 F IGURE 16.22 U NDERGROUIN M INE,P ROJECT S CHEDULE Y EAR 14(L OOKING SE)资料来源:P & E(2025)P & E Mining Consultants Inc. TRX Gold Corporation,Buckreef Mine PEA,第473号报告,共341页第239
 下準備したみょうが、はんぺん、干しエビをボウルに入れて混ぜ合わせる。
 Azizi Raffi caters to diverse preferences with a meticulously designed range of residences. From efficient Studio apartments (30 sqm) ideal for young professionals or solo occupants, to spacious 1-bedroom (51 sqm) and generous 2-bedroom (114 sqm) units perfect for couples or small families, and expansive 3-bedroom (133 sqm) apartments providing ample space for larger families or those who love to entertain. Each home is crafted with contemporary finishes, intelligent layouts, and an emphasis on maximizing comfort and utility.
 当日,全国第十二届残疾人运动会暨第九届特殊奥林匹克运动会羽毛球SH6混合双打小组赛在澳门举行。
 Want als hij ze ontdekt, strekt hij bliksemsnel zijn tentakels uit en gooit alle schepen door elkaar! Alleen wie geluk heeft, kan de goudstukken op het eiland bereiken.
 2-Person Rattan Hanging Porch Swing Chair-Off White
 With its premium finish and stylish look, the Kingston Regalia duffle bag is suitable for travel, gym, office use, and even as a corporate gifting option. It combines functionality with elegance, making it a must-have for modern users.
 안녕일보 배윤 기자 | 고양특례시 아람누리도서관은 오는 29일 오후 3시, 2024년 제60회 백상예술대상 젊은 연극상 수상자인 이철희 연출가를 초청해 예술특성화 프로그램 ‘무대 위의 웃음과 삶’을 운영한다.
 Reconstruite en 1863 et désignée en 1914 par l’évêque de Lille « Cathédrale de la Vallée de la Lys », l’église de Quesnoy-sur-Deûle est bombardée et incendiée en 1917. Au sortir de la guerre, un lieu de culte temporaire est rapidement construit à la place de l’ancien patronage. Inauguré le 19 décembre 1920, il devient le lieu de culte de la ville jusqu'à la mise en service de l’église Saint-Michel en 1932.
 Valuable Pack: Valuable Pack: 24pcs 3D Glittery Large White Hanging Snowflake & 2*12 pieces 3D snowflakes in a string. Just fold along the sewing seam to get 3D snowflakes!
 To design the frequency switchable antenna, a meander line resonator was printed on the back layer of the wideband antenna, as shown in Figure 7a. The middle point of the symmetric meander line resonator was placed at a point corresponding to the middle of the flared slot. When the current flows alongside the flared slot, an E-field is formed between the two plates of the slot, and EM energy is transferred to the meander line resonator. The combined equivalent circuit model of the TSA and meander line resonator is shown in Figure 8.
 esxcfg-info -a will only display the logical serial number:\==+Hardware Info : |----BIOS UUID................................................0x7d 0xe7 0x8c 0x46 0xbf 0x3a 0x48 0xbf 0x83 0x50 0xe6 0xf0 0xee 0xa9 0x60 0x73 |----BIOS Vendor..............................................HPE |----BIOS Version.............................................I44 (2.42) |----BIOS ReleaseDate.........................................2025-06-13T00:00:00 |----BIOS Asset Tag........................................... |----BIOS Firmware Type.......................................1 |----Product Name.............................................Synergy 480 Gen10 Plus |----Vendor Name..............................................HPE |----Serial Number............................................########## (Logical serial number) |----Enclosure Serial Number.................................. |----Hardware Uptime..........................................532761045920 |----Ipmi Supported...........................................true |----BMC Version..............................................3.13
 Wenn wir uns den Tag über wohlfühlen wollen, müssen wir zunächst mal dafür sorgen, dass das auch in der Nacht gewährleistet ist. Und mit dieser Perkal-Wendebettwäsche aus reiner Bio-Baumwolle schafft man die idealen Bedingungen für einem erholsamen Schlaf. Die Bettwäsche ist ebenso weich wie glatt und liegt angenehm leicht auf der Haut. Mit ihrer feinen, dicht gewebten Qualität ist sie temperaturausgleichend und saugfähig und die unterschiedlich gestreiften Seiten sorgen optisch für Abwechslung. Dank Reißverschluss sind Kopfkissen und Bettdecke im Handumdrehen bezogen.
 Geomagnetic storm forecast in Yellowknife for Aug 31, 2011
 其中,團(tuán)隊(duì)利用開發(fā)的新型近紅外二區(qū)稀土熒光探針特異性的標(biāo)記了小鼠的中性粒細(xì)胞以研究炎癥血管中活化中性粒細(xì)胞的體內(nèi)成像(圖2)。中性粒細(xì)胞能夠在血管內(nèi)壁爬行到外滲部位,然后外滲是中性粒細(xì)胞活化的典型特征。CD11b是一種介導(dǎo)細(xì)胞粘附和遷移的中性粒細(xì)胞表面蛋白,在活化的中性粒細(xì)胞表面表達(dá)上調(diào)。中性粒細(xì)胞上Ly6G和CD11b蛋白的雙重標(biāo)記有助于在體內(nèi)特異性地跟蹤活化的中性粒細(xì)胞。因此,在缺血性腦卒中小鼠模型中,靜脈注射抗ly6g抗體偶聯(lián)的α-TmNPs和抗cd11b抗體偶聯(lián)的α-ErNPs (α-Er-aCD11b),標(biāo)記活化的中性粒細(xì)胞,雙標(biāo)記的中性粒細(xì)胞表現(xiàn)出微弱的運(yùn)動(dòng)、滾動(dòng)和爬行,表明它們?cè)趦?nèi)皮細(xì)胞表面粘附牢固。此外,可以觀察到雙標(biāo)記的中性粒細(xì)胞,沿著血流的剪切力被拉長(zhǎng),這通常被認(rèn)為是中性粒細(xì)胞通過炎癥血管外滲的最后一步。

======

What you should do
Filter the records for lines holding the string "White". Copy each one.

Solution for this problem
 2-Person Rattan Hanging Porch Swing Chair-Off White
 Valuable Pack: Valuable Pack: 24pcs 3D Glittery Large White Hanging Snowflake & 2*12 pieces 3D snowflakes in a string. Just fold along the sewing seam to get 3D snowflakes!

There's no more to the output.